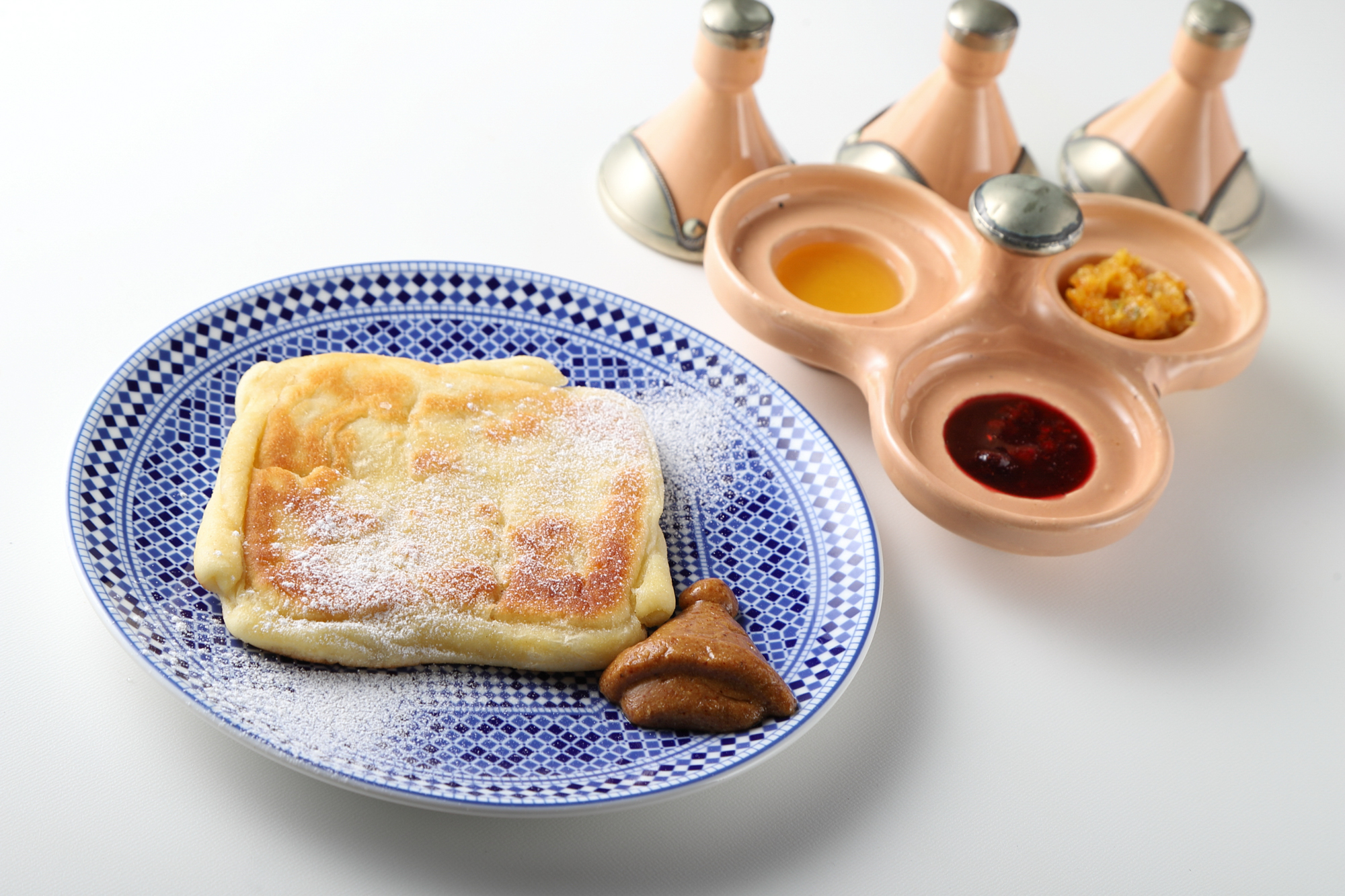 「ムスンメン」はセモリナ粉を折り込んで作るパイ状の生地で、外はサクッと、中はもっちりとした独特の食感が特徴。モロッコに赴いたスタッフが現地で学び、その経験をもとに日本人の嗜好に合うようにアレンジしました。
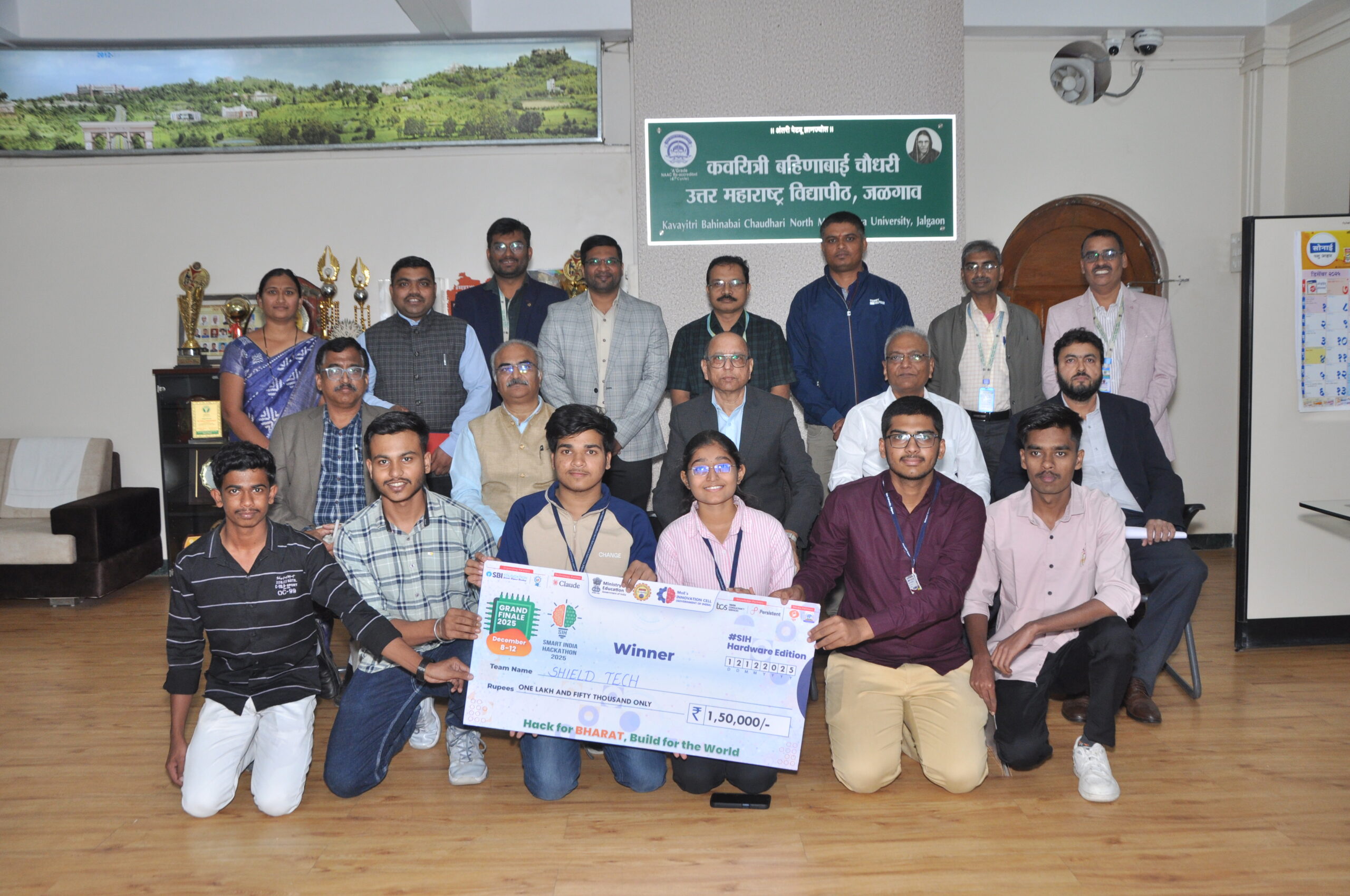 जळगाव प्रतिनिधी: कवयित्री बहिणाबाई चौधरी उत्तर महाराष्ट्र विद्यापीठ, जळगाव येथील विद्यापीठीय रसायन तंत्रज्ञान संस्था (UICT) मधील ‘शिल्ड टेक’ या विद्यार्थीसंघाने (दिपांशू रहांगडाले, नेत्रदीप कदम, चैतन्य सातपुते, प्राजक्ता लंके, भार्गव रायकऱ आणि साहिल झांबरे) स्मार्ट इंडिया हॅकाथॉन २०२५ मध्ये अखिल भारतीय विजेतेपद पटकावून विद्यापीठाच्या शिरपेचात मानाचा सर्वोच्च तुरा रोवला आहे. कुलगुरू प्रा.व्ही.एल. माहेश्वरी यांनी या विद्यार्थ्यांचा अभिनंदनपर सत्कार केला.
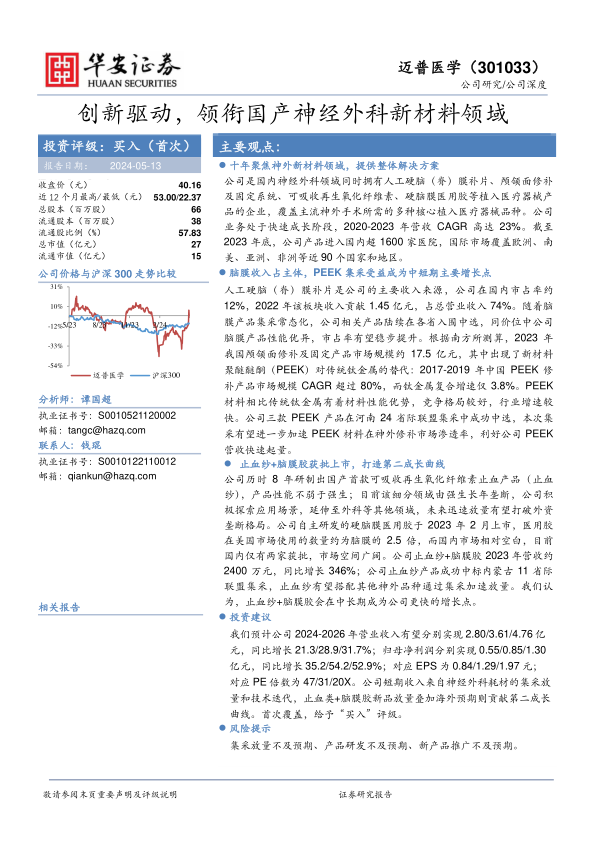 我们预计公司2024-2026年营业收入有望分别实现2.80/3.61/4.76亿元,同比增长21.3/28.9/31.7%;归母净利润分别实现0.55/0.85/1.30亿元,同比增长35.2/54.2/52.9%;对应EPS为0.84/1.29/1.97元;对应PE倍数为47/31/20X。公司短期收入来自神经外科耗材的集采放量和技术迭代,止血类+脑膜胶新品放量叠加海外预期则贡献第二成长曲线。首次覆盖,给予“买入”评级。

GOAL OF THE EXERCISE> Please give the data again unaltered, leaving out any images.

RESPONSE TO THE EXERCISE>
 「ムスンメン」はセモリナ粉を折り込んで作るパイ状の生地で、外はサクッと、中はもっちりとした独特の食感が特徴。モロッコに赴いたスタッフが現地で学び、その経験をもとに日本人の嗜好に合うようにアレンジしました。
 जळगाव प्रतिनिधी: कवयित्री बहिणाबाई चौधरी उत्तर महाराष्ट्र विद्यापीठ, जळगाव येथील विद्यापीठीय रसायन तंत्रज्ञान संस्था (UICT) मधील ‘शिल्ड टेक’ या विद्यार्थीसंघाने (दिपांशू रहांगडाले, नेत्रदीप कदम, चैतन्य सातपुते, प्राजक्ता लंके, भार्गव रायकऱ आणि साहिल झांबरे) स्मार्ट इंडिया हॅकाथॉन २०२५ मध्ये अखिल भारतीय विजेतेपद पटकावून विद्यापीठाच्या शिरपेचात मानाचा सर्वोच्च तुरा रोवला आहे. कुलगुरू प्रा.व्ही.एल. माहेश्वरी यांनी या विद्यार्थ्यांचा अभिनंदनपर सत्कार केला.
 我们预计公司2024-2026年营业收入有望分别实现2.80/3.61/4.76亿元,同比增长21.3/28.9/31.7%;归母净利润分别实现0.55/0.85/1.30亿元,同比增长35.2/54.2/52.9%;对应EPS为0.84/1.29/1.97元;对应PE倍数为47/31/20X。公司短期收入来自神经外科耗材的集采放量和技术迭代,止血类+脑膜胶新品放量叠加海外预期则贡献第二成长曲线。首次覆盖,给予“买入”评级。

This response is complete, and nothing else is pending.